Place egg yolks, granulated sugar, lemon zest, lemon juice, and salt into the top pot of your double boiler. Using a silicone whisk, whisk until completely blended, then continue to whisk as the curd cooks. Constant whisking prevents the egg yolks from curdling. Whisk and cook until the mixture becomes thick, resembling the texture of hollandaise sauce, about 10 minutes. If curd isn’t thickening, turn up the heat and constantly whisk.
Remove pan from heat. Whisk the sliced butter into the curd. The butter will melt from the heat of the curd as you whisk. Pour curd into a jar or bowl and place a piece of plastic wrap directly on top so it is touching the top of the curd. (This prevents a skin from forming on top.) The curd will continue to thicken as it cools. Once cool, the plastic wrap can be removed.
Rhubarb dishes bring back wonderful memories of my Mother’s baking and cooking. My first harvest of rhubarb inspired me to try new recipes. This breakfast cake is delicious and could easily be made with other fruit as well. After eating the cake, my daughter and I agreed that you could make and skip the fruit..it’s that good!
Rhubarb Breakfast Cake
INGREDIENTS:
1/2 cup half and half, cream, or buttermilk
1 tsp lemon juice
1/2 cup unsalted butter at room temperature
1 cup granulated sugar plus 2 tsp for sprinkling
1 large egg, at room temperature
1 1/2 tsp vanilla extract
2 cups all purpose flour, saving out 1 Tbsp to toss with rhubarb
2 tsp baking powder
1 tsp salt
2 cups thinly sliced rhubarb
DIRECTIONS:
Set oven to 350F Lightly butter a 9×9 square baking pan. I like to line the pan with parchment paper with overhanging ends so I can easily lift out the cooled cake for cutting. That’s optional.
Stir the lemon juice into the half and half and set aside.
Cream the soft butter and sugar in a stand mixer, or with electric beaters, until fluffy and pale yellow. Beat in the egg and vanilla, scraping down the bowl as necessary.

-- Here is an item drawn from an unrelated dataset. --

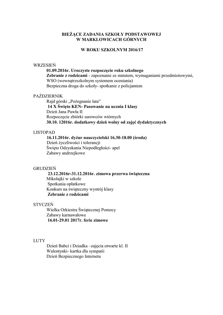 BIEŻĄCE ZADANIA SZKOŁY PODSTAWOWEJ W MARKLOWICACH GÓRNYCH W ROKU SZKOLNYM 2016/17 WRZESIEŃ 01.09.2016r. Uroczyste rozpoczęcie roku szkolnego Zebranie z rodzicami - zapoznanie ze statutem, wymaganiami przedmiotowymi, WSO (wewnątrzszkolnym systemem oceniania) Bezpieczna droga do szkoły- spotkanie z policjantem PAŹDZIERNIK Rajd górski „Pożegnanie lata” 14 X Święto KEN- Pasowanie na ucznia I klasy Dzień Jana Pawła II Rozpoczęcie zbiórki surowców wtórnych 30.10. 12016r. dodatkowy dzień wolny od zajęć dydaktycznych LISTOPAD 16.11.2016r. dyżur nauczycielski 16.30-18.00 (środa) Dzień życzliwości i tolerancji Święto Odzyskania Niepodległości- apel Zabawy andrzejkowe GRUDZIEŃ 23.12.2016r-31.12.2016r. zimowa przerwa świąteczna Mikołajki w szkole Spotkania opłatkowe Konkurs na świąteczny wystrój klasy Zebranie z rodzicami STYCZEŃ Wielka Orkiestra Świątecznej Pomocy Zabawy karnawałowe 16.01-29.01 2017r. ferie zimowe LUTY Dzień Babci i Dziadka –zajęcia otwarte kl. II Walentynki- kartka dla sympatii Dzień Bezpiecznego Internetu MARZEC Konkurs matematyczny KANGUR Pierwszy dzień wiosny –„Zielony dzień” 16.03.2017r. dyżur nauczycielski 16.30-18.00 ( środa) KWIECIEŃ Rekolekcje wielkopostne Światowy Dzień Ziemi 13.04-18.04.2017r. wiosenna przerwa świąteczna MAJ 02.05.2017r. dodatkowy dzień wolny od zajęć dydaktycznych 04-05.05.2017r. dodatkowy dzień wolny od zajęć dydaktycznych Obchody Konstytucji 3 Maja-apel Badanie efektów kształcenia Dzień Matki – zajęcia otwarte kl. I i III Rajd górski „ Powitanie wiosny” Zebranie z rodzicami CZERWIEC XVII Gminny Konkurs SUPER MATEMATYK kl. I-III Wycieczki klasowe Karta rowerowa uczniów klasy 4 Festyn szkolny/Dzień Sportu 23.06.2017r.uroczyste zakończenie roku szkolnego 2016/2017

Take 1 Tbsp of the flour to the rhubarb and toss well.
Whisk together the remaining flour, baking powder, and salt.
Add half of the flour mixture to the bowl and blend in. Add all of the half and half, and blend in. Finally add the rest of the flour and blend just until combined, don’t over mix. Fold in the rhubarb. Note: the batter is on the thick side.
Spread the batter into the prepared pan and sprinkle the top evenly with a little sugar. Bake for about 40-45 minutes, or until the cake is turning golden and a toothpick in the center comes out without wet batter clinging to it (moist crumbs are fine.)